How can we make sense of genomic data?
We are now at a time when modern technology has made gene sequencing of an individual’s DNA a reality. DNA sequencing of certain sections of a genome is used routinely in forensics now, and a few hundred genes that are important in determining risk of disease, or likelihood of response to a certain medication, are increasingly being used in clinical medicine. But the human genome is enormous, and the result of doing whole-genome sequencing is an ocean of data, but without a “map” to know how to interpret it. How can we make sense of all this information? How can we make use of this to better define issues of health and wellness for an individual? How can we make this empower the goals of Precision Medicine?
What we need is a way to identify patterns in DNA, whether they are known genes that have already been studied or not, and compare them to patterns in clinical findings. This phenotype-to-genotype mapping is something that we are on the threshold of unlocking.
Such a mapping of patterns – both in DNA as well as in clinical data – requires deep-learning algorithms which can act on very large data sets in order to identify meaningful insights. It requires the application of Artificial Intelligence (AI) to healthcare.
AI in medicine has become a frequent topic of discussion. Led by advances in consumer and commodity implementations, with breakthroughs in speech recognition, natural language text interpretation, and image recognition, we can see how this powerful technology can be applied in medicine as well. But, in order for these deep-learning algorithms to “learn” what the data shows, it needs large data stores on which to work. That has been the limitation to date. Health data has been historically fragmented into institution-centered silos, and aggregation across these domains has been problematic.
Access to VA data: a huge step forward
The recent announcement of Flow Health’s cooperative research agreement with the Department of Veterans Affairs (VA) marks a significant milestone. The scope of the VA data is staggering: it contains records of 22 million veterans over 20 years of history. In addition to structured data, there are also 4 billion chart notes that can be combed using Natural Language Processing, and 4.5 billion medical images that power deep learning on images. It also includes DNA data that is part of the Million Veteran Program. In aggregate, there are about 30 petabytes of data that are becoming part of the Flow Health Medical Knowledge Graph.
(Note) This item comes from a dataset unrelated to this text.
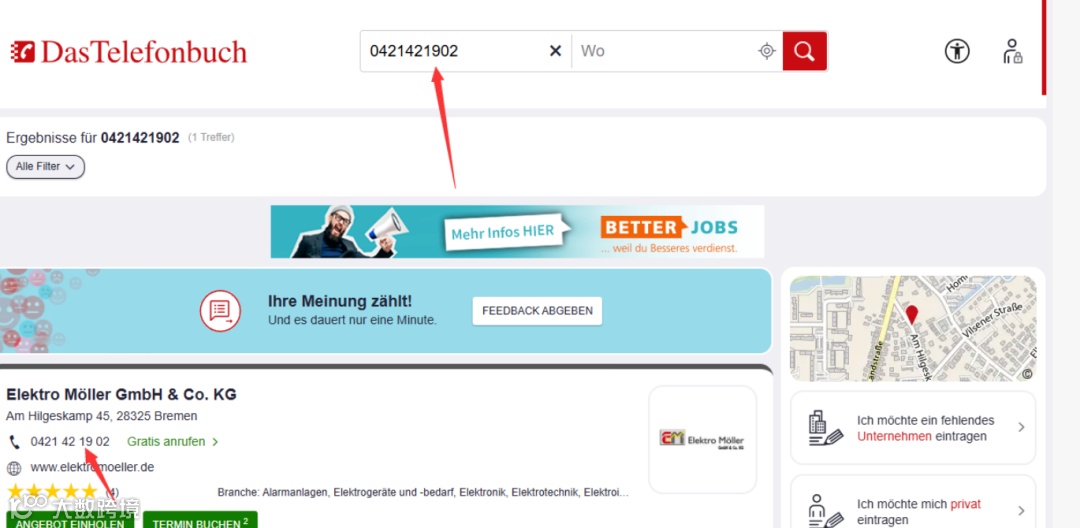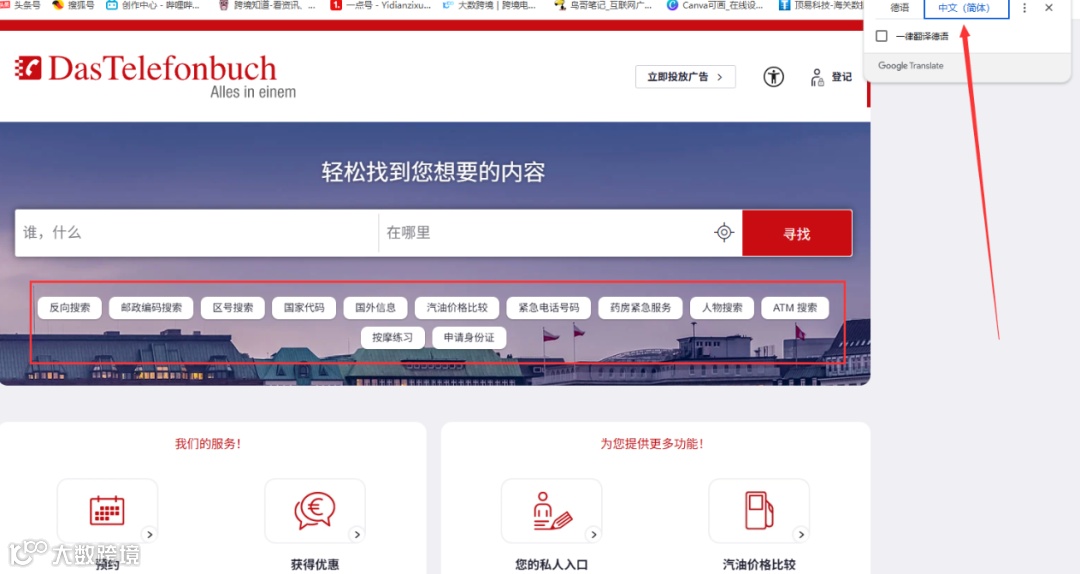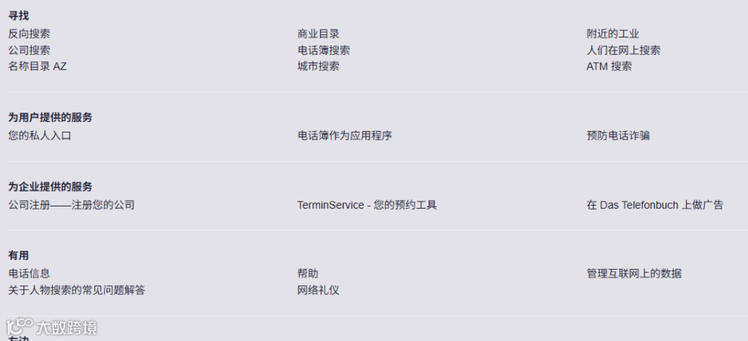 支持企业搜索、人名搜索、定向搜索和地图定位等多种功能。德语不熟练者可借助谷歌翻译浏览中文页面;懂德语者建议直接使用德语搜索以提升准确率。

With this work, we now have a vast store of data which can “teach” deep learning algorithms about patterns in clinical data, patterns in DNA data, and correlations between them.
The result of this work is the organization of medical information into a truly useful Medical Knowledge Graph. This can be thought of as a collection of findings and insights about a specific query that are context-specific. It is similar to Google’s Knowledge Graph, which Google introduced into their search capabilities in 2012. With the Knowledge Graph, semantic-search information gathered from a wide variety of sources provides structured and detailed information about the topic so that the user can see everything relevant in a single view, without having to navigate to other sites and assemble the information by hand.
The Flow Health Medical Knowledge Graph is like that, but in medicine. The context of the search is the individual patient’s situation – the diagnoses, medications, family history, lab findings, clinical course over time, imaging, and genomic data where available. The result of a search can be something like “for this diabetic patient, should I prescribe a statin and prevent a possible cardiac event? Will it make a difference in this specific case?”
Putting DNA data to use at the point of care
With a map between clinical phenotype patterns and DNA, many more individualized recommendations can be made to clinical questions. Sometimes, the clinical data may point to the need to obtain DNA data if it is not available in order to best answer a question – “will this patient respond to this treatment and avoid progression to kidney failure?” or “will this chemotherapy be effective in treating this patient’s cancer?” The tools can help guide intelligent diagnosis, and once the needed data points are fleshed out, can help guide intelligent treatment.
Just like how Google’s Knowledge Graph is a background service, and serves up information that can be viewed in a variety of browsers, apps, and devices, the Flow Health Medical Knowledge Graph is also a background tool that can display its results within systems used by clinicians and patients. It’s akin to the “Intel inside” slogan used by hardware manufacturers, but in the software world. It does not replace Electronic Health Records systems used by clinicians, but furnishes them with powerful guidelines drawn from a vast store of data. Clinicians are the executive decision-makers, but they are powered by tools that put the entirety of medical knowledge in their hands.
We are at the threshold of building that future now.